文政9年(1826) シーボルトは江戸参府随行の途上尾張熱田の宮で、嘗百社の水谷豊文、大河内存眞、伊藤圭介らと邂逅したが、豊文の植物写生図をみて驚嘆した。既に豊文は102種の植物の全てをリンネの名称で同定していたのである。

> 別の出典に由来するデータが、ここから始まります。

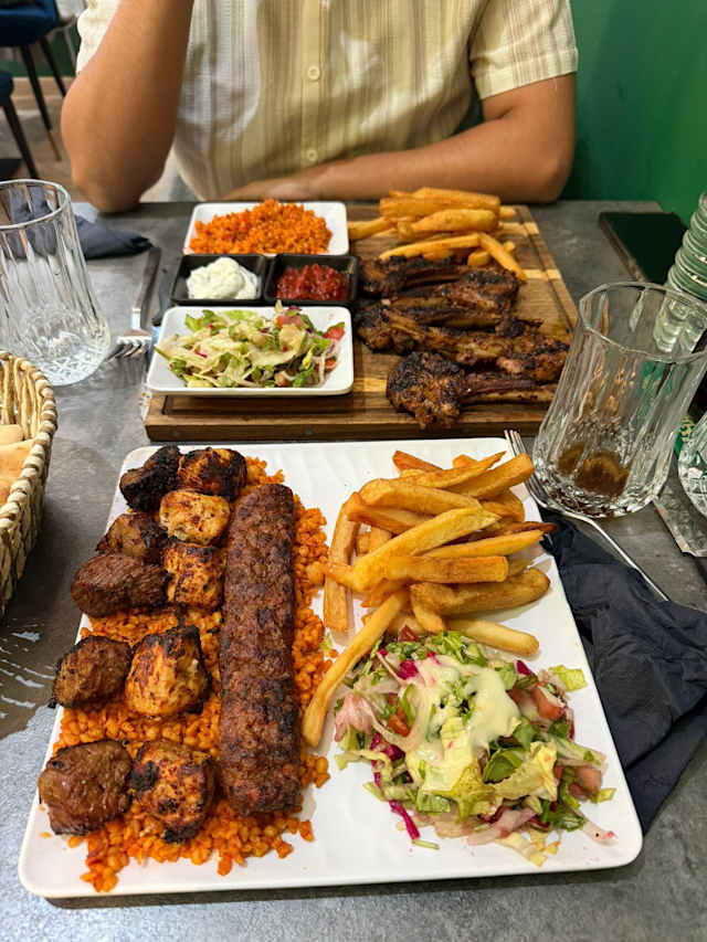 - Kusbasi ou adana ou tavuk sis (avec frites/boulgour et salade)

嘗百社の本草学が近代植物学を十分、受容しうる水準にある、と評価したシーボルトは参府の帰路、再び、嘗百社の面々と懇談したが、その際、二十代半ばの若い圭介に注目したのか、長崎遊学を慫慂した。
文政10年から翌11年(1827-1828)まで長崎に滞在し、医学ではなく本草学研究者としてシーボルトに師事した圭介は、シーボルトの博物学採集の良き助手でもあった。圭介がシーボルトに送った日本産植物の押し葉帖14冊は今日、オランダのライデン博物館に蔵されており、又、`Keisukei'`Keisukeana'と圭介の名を学名に冠した日本産植物はスズラン、イワナンテン、イヌヨモギなど15種に及ぶ。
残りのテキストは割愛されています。